--- DATA EXTRACT ---

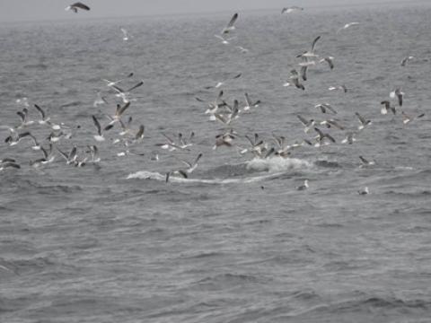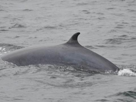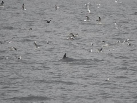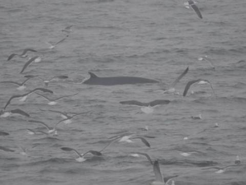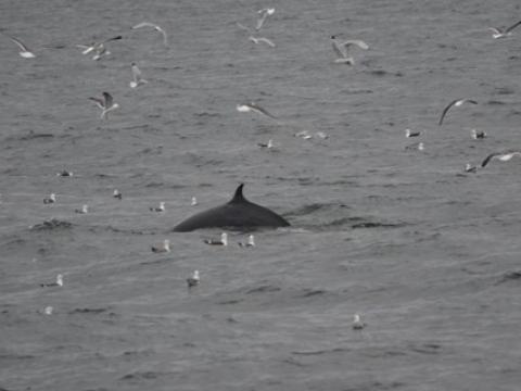 - Carine ZimmermannTour at 13:00Report from Hafsúlan: The wind had calmed down since this morning and the weather was quite nice accept from a few rain drops. We headed towards the same area as this morning and on our way we spotted a few groups of Harbour porpoises surfacing around us, some even came very close to the boat. When we got to the area we saw two big flocks of feeding birds, but unfortunately no cetacean was spotted around them. We searched for over two hours and our patience was almost running out when a Minke whale was spotted in the distance. It seemed to be heading towards the flock of birds so we watched that area very carefully. All of a sudden the minke whale surfaced in the middle of the group of birds. We could see the whale was feeding as it rolled in the surfaced so we got a good look at the white pinkish belly and the flippers. It was fun to watch the whale and we could see it blowing bubbles a couple of times which is a feeding behaviour! We could enjoy the feeding behaviours of the minke whale for some time but unfortunately our time was running out so we had to head back to the harbour. It was a very nice tour and just showed us how patient and stubborn we sometimes have to be. But we sure got rewarded for it. - Freydís Ósk
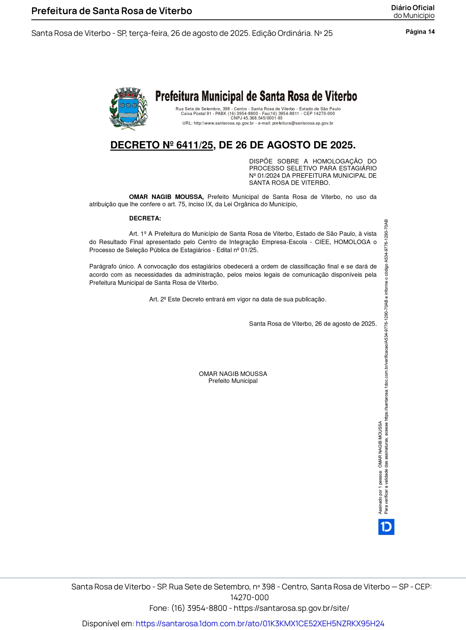 A Prefeitura Municipal, por meio do CIEE (Centro de Integração Empresa Escola) , torna pública a homologação do resultado final do Processo Seletivo de Estagiários nº 01/2025. Após a análise dos recursos interpostos e concluídas todas as etapas previstas no edital, a classificação final dos candidatos foi devidamente aprovada e homologada nesta data através do decreto 6411/25, publicado nesta terça-feira, 26 de agosto.
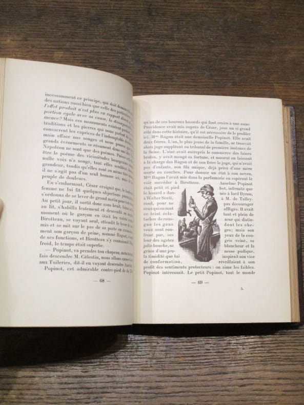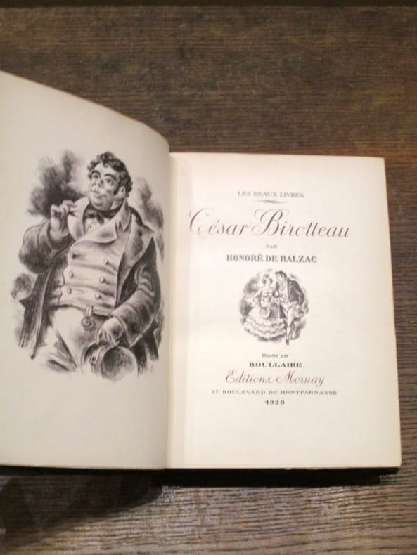 Paris, Aux dépens de la Société Les Bibliophiles du Papier, 1933, in-folio, broché sous couverture rempliée, étui et emboitage à décor de roses, vignette de titre. Etui insolé. Manques de papier au dos de l'emboitage sinon bel exemplaire, très frais. (330x260mm)., 409 pages. 7° volume de la collection des Bibliophiles du Papier. Tirage limité à 110 ex. nominatifs sur Johannot, celui-ci n°8 (M. Porcher). Nombreuses lithographies en noir dans le texte par Lucien Jonas. In fine Notice sur le manuscrit et les épreuves de César Birotteau & Documents divers reproduits en fac-similé : portraits, autographes, épreuves, couvertures. Complet du feuillet libre de 4 pages comprenant le Catalogue des divers produits fabriqués par César Birotteau , du Menu du Dîner en l'honneur de César Birotteau et du Conseils aux Dames ou Essai sur les moyens qu'elles doivent employer pour conserver longtemps leurs attraits . Signatures mauscrites de 24 membres du Club des Bibliophiles sur le dernier feuillet. Complet du courrier annonçant au souscripteur la mise à disposition de son exemplaire sous enveloppe illustrée.

--- TASK STATEMENT ---
Everything in the listing above must be restated word for word, except the images.

--- ANSWER SPACE ---
 - Carine ZimmermannTour at 13:00Report from Hafsúlan: The wind had calmed down since this morning and the weather was quite nice accept from a few rain drops. We headed towards the same area as this morning and on our way we spotted a few groups of Harbour porpoises surfacing around us, some even came very close to the boat. When we got to the area we saw two big flocks of feeding birds, but unfortunately no cetacean was spotted around them. We searched for over two hours and our patience was almost running out when a Minke whale was spotted in the distance. It seemed to be heading towards the flock of birds so we watched that area very carefully. All of a sudden the minke whale surfaced in the middle of the group of birds. We could see the whale was feeding as it rolled in the surfaced so we got a good look at the white pinkish belly and the flippers. It was fun to watch the whale and we could see it blowing bubbles a couple of times which is a feeding behaviour! We could enjoy the feeding behaviours of the minke whale for some time but unfortunately our time was running out so we had to head back to the harbour. It was a very nice tour and just showed us how patient and stubborn we sometimes have to be. But we sure got rewarded for it. - Freydís Ósk
 A Prefeitura Municipal, por meio do CIEE (Centro de Integração Empresa Escola) , torna pública a homologação do resultado final do Processo Seletivo de Estagiários nº 01/2025. Após a análise dos recursos interpostos e concluídas todas as etapas previstas no edital, a classificação final dos candidatos foi devidamente aprovada e homologada nesta data através do decreto 6411/25, publicado nesta terça-feira, 26 de agosto.
 Paris, Aux dépens de la Société Les Bibliophiles du Papier, 1933, in-folio, broché sous couverture rempliée, étui et emboitage à décor de roses, vignette de titre. Etui insolé. Manques de papier au dos de l'emboitage sinon bel exemplaire, très frais. (330x260mm)., 409 pages. 7° volume de la collection des Bibliophiles du Papier. Tirage limité à 110 ex. nominatifs sur Johannot, celui-ci n°8 (M. Porcher). Nombreuses lithographies en noir dans le texte par Lucien Jonas. In fine Notice sur le manuscrit et les épreuves de César Birotteau & Documents divers reproduits en fac-similé : portraits, autographes, épreuves, couvertures. Complet du feuillet libre de 4 pages comprenant le Catalogue des divers produits fabriqués par César Birotteau , du Menu du Dîner en l'honneur de César Birotteau et du Conseils aux Dames ou Essai sur les moyens qu'elles doivent employer pour conserver longtemps leurs attraits . Signatures mauscrites de 24 membres du Club des Bibliophiles sur le dernier feuillet. Complet du courrier annonçant au souscripteur la mise à disposition de son exemplaire sous enveloppe illustrée.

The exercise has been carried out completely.